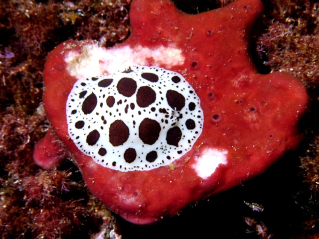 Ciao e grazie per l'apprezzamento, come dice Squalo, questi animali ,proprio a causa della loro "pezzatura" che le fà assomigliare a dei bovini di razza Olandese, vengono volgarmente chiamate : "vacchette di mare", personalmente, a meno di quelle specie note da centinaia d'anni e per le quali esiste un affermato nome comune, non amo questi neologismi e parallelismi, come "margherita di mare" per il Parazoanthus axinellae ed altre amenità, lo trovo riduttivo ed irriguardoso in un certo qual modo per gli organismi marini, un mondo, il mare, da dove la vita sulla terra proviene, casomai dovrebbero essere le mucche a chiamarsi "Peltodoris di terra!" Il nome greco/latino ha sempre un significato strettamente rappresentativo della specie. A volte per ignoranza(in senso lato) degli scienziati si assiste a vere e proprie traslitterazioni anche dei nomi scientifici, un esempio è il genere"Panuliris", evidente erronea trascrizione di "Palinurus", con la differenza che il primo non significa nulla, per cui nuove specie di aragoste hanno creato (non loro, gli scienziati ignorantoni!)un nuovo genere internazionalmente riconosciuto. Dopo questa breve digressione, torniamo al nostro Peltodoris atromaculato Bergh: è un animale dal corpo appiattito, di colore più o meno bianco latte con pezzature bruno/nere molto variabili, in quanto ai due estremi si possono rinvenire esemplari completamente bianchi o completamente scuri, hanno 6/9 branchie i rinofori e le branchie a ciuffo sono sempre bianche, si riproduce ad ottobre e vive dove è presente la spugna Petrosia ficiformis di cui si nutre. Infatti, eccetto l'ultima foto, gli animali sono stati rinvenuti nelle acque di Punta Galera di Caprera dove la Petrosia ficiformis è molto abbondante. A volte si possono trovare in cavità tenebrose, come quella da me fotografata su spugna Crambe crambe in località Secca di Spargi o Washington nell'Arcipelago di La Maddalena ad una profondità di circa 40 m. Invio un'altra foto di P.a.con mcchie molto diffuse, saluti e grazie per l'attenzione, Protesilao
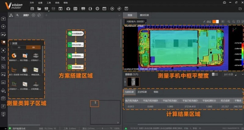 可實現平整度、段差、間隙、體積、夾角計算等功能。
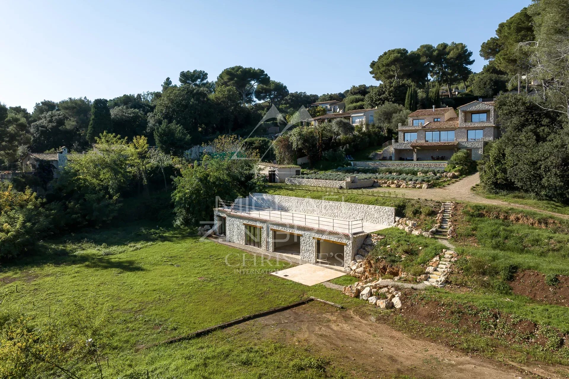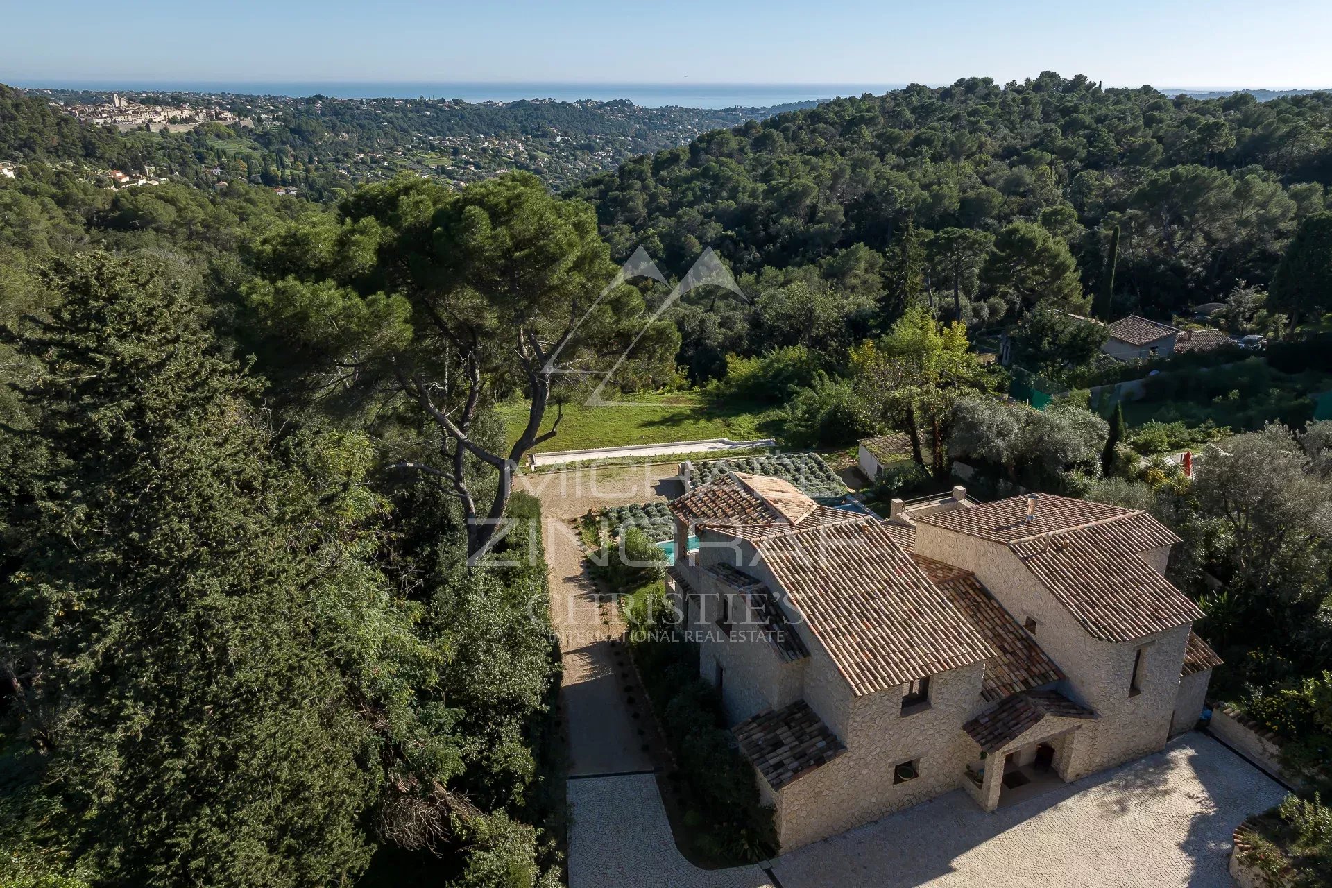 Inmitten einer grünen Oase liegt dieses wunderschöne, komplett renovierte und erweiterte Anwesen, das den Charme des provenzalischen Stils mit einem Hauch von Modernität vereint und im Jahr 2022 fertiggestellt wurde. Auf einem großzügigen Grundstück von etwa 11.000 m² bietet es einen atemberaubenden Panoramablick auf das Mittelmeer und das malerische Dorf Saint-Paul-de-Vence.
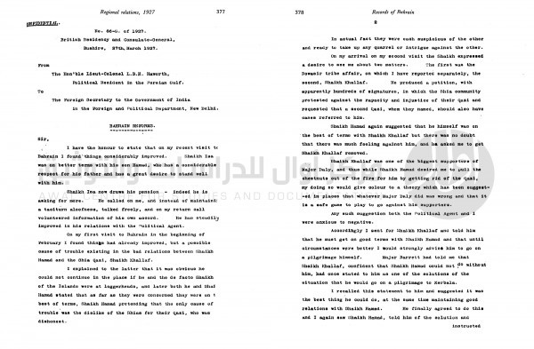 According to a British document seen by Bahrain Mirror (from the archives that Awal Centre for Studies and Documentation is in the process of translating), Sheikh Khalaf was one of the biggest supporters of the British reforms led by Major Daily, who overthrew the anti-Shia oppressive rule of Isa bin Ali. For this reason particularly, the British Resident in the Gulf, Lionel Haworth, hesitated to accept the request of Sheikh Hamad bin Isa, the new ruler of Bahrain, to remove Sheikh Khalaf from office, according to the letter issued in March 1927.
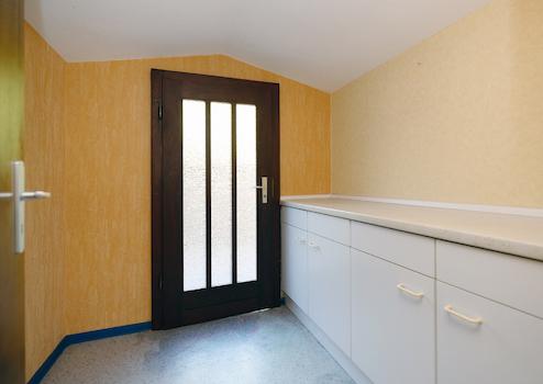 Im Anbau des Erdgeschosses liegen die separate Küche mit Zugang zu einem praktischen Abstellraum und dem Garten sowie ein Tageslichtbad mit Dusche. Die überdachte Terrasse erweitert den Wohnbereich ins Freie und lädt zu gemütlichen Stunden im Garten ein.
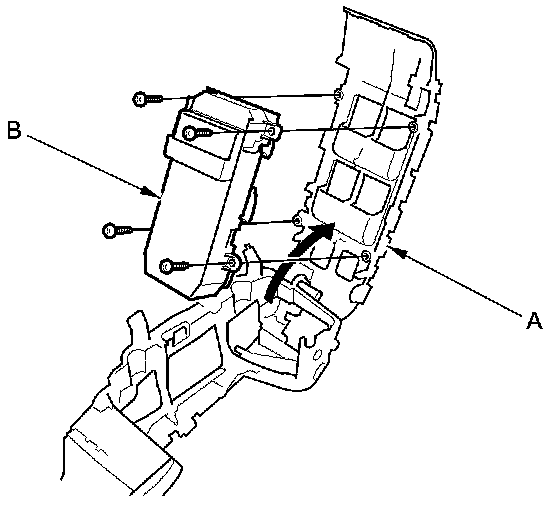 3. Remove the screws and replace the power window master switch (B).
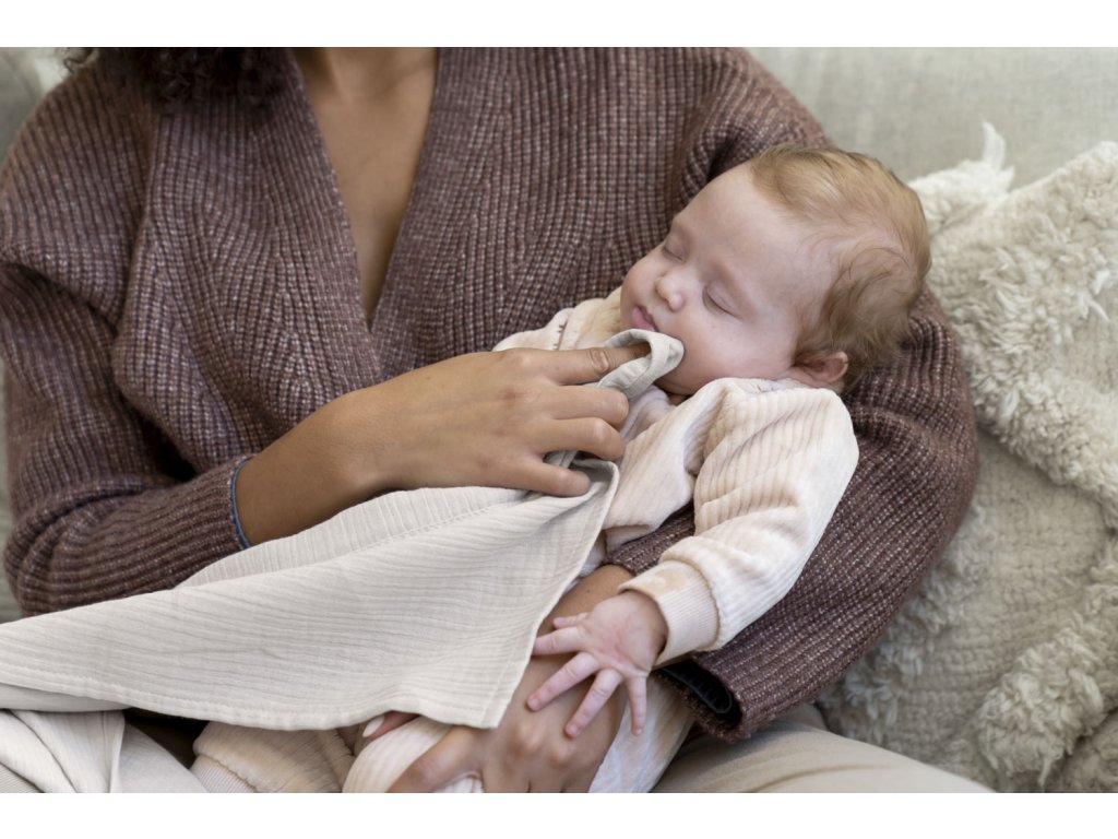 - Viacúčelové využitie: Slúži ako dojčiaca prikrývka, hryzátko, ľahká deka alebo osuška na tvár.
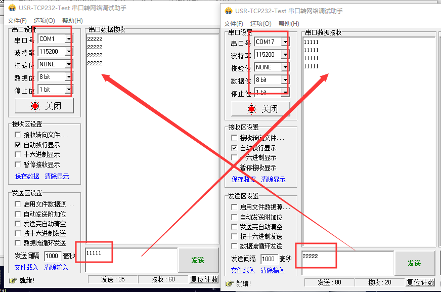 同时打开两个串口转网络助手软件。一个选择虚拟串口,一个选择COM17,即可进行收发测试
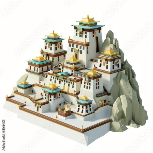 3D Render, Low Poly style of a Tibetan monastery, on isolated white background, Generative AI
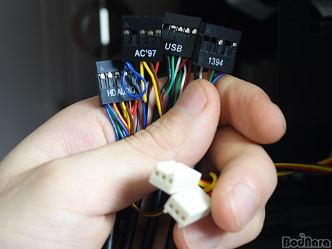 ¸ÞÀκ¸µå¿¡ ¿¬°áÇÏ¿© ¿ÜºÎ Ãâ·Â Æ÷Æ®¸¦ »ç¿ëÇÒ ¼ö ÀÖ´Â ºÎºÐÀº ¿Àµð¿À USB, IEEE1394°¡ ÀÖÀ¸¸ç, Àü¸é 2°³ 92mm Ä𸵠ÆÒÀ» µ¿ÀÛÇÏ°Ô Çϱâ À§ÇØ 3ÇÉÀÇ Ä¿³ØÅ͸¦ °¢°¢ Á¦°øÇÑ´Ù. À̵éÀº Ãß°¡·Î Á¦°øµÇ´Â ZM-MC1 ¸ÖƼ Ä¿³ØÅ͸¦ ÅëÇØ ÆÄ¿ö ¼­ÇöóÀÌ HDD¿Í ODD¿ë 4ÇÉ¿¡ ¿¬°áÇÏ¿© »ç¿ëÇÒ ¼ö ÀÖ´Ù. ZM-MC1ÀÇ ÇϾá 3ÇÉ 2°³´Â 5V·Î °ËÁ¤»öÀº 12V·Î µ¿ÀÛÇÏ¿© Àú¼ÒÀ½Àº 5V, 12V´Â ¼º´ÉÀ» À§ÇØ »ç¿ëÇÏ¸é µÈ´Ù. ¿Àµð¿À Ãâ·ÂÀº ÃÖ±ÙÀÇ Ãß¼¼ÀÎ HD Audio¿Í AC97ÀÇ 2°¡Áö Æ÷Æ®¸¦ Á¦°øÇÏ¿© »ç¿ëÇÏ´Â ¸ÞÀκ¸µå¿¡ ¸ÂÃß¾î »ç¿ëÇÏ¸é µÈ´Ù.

..........

What you need to do: Output the records above unchanged, minus their pictures.

Answer box:
 Ciao e grazie per l'apprezzamento, come dice Squalo, questi animali ,proprio a causa della loro "pezzatura" che le fà assomigliare a dei bovini di razza Olandese, vengono volgarmente chiamate : "vacchette di mare", personalmente, a meno di quelle specie note da centinaia d'anni e per le quali esiste un affermato nome comune, non amo questi neologismi e parallelismi, come "margherita di mare" per il Parazoanthus axinellae ed altre amenità, lo trovo riduttivo ed irriguardoso in un certo qual modo per gli organismi marini, un mondo, il mare, da dove la vita sulla terra proviene, casomai dovrebbero essere le mucche a chiamarsi "Peltodoris di terra!" Il nome greco/latino ha sempre un significato strettamente rappresentativo della specie. A volte per ignoranza(in senso lato) degli scienziati si assiste a vere e proprie traslitterazioni anche dei nomi scientifici, un esempio è il genere"Panuliris", evidente erronea trascrizione di "Palinurus", con la differenza che il primo non significa nulla, per cui nuove specie di aragoste hanno creato (non loro, gli scienziati ignorantoni!)un nuovo genere internazionalmente riconosciuto. Dopo questa breve digressione, torniamo al nostro Peltodoris atromaculato Bergh: è un animale dal corpo appiattito, di colore più o meno bianco latte con pezzature bruno/nere molto variabili, in quanto ai due estremi si possono rinvenire esemplari completamente bianchi o completamente scuri, hanno 6/9 branchie i rinofori e le branchie a ciuffo sono sempre bianche, si riproduce ad ottobre e vive dove è presente la spugna Petrosia ficiformis di cui si nutre. Infatti, eccetto l'ultima foto, gli animali sono stati rinvenuti nelle acque di Punta Galera di Caprera dove la Petrosia ficiformis è molto abbondante. A volte si possono trovare in cavità tenebrose, come quella da me fotografata su spugna Crambe crambe in località Secca di Spargi o Washington nell'Arcipelago di La Maddalena ad una profondità di circa 40 m. Invio un'altra foto di P.a.con mcchie molto diffuse, saluti e grazie per l'attenzione, Protesilao
 可實現平整度、段差、間隙、體積、夾角計算等功能。
 Inmitten einer grünen Oase liegt dieses wunderschöne, komplett renovierte und erweiterte Anwesen, das den Charme des provenzalischen Stils mit einem Hauch von Modernität vereint und im Jahr 2022 fertiggestellt wurde. Auf einem großzügigen Grundstück von etwa 11.000 m² bietet es einen atemberaubenden Panoramablick auf das Mittelmeer und das malerische Dorf Saint-Paul-de-Vence.
 According to a British document seen by Bahrain Mirror (from the archives that Awal Centre for Studies and Documentation is in the process of translating), Sheikh Khalaf was one of the biggest supporters of the British reforms led by Major Daily, who overthrew the anti-Shia oppressive rule of Isa bin Ali. For this reason particularly, the British Resident in the Gulf, Lionel Haworth, hesitated to accept the request of Sheikh Hamad bin Isa, the new ruler of Bahrain, to remove Sheikh Khalaf from office, according to the letter issued in March 1927.
 Im Anbau des Erdgeschosses liegen die separate Küche mit Zugang zu einem praktischen Abstellraum und dem Garten sowie ein Tageslichtbad mit Dusche. Die überdachte Terrasse erweitert den Wohnbereich ins Freie und lädt zu gemütlichen Stunden im Garten ein.
 3. Remove the screws and replace the power window master switch (B).
 - Viacúčelové využitie: Slúži ako dojčiaca prikrývka, hryzátko, ľahká deka alebo osuška na tvár.
 同时打开两个串口转网络助手软件。一个选择虚拟串口,一个选择COM17,即可进行收发测试
 3D Render, Low Poly style of a Tibetan monastery, on isolated white background, Generative AI
 ¸ÞÀκ¸µå¿¡ ¿¬°áÇÏ¿© ¿ÜºÎ Ãâ·Â Æ÷Æ®¸¦ »ç¿ëÇÒ ¼ö ÀÖ´Â ºÎºÐÀº ¿Àµð¿À USB, IEEE1394°¡ ÀÖÀ¸¸ç, Àü¸é 2°³ 92mm Ä𸵠ÆÒÀ» µ¿ÀÛÇÏ°Ô Çϱâ À§ÇØ 3ÇÉÀÇ Ä¿³ØÅ͸¦ °¢°¢ Á¦°øÇÑ´Ù. À̵éÀº Ãß°¡·Î Á¦°øµÇ´Â ZM-MC1 ¸ÖƼ Ä¿³ØÅ͸¦ ÅëÇØ ÆÄ¿ö ¼­ÇöóÀÌ HDD¿Í ODD¿ë 4ÇÉ¿¡ ¿¬°áÇÏ¿© »ç¿ëÇÒ ¼ö ÀÖ´Ù. ZM-MC1ÀÇ ÇϾá 3ÇÉ 2°³´Â 5V·Î °ËÁ¤»öÀº 12V·Î µ¿ÀÛÇÏ¿© Àú¼ÒÀ½Àº 5V, 12V´Â ¼º´ÉÀ» À§ÇØ »ç¿ëÇÏ¸é µÈ´Ù. ¿Àµð¿À Ãâ·ÂÀº ÃÖ±ÙÀÇ Ãß¼¼ÀÎ HD Audio¿Í AC97ÀÇ 2°¡Áö Æ÷Æ®¸¦ Á¦°øÇÏ¿© »ç¿ëÇÏ´Â ¸ÞÀκ¸µå¿¡ ¸ÂÃß¾î »ç¿ëÇÏ¸é µÈ´Ù.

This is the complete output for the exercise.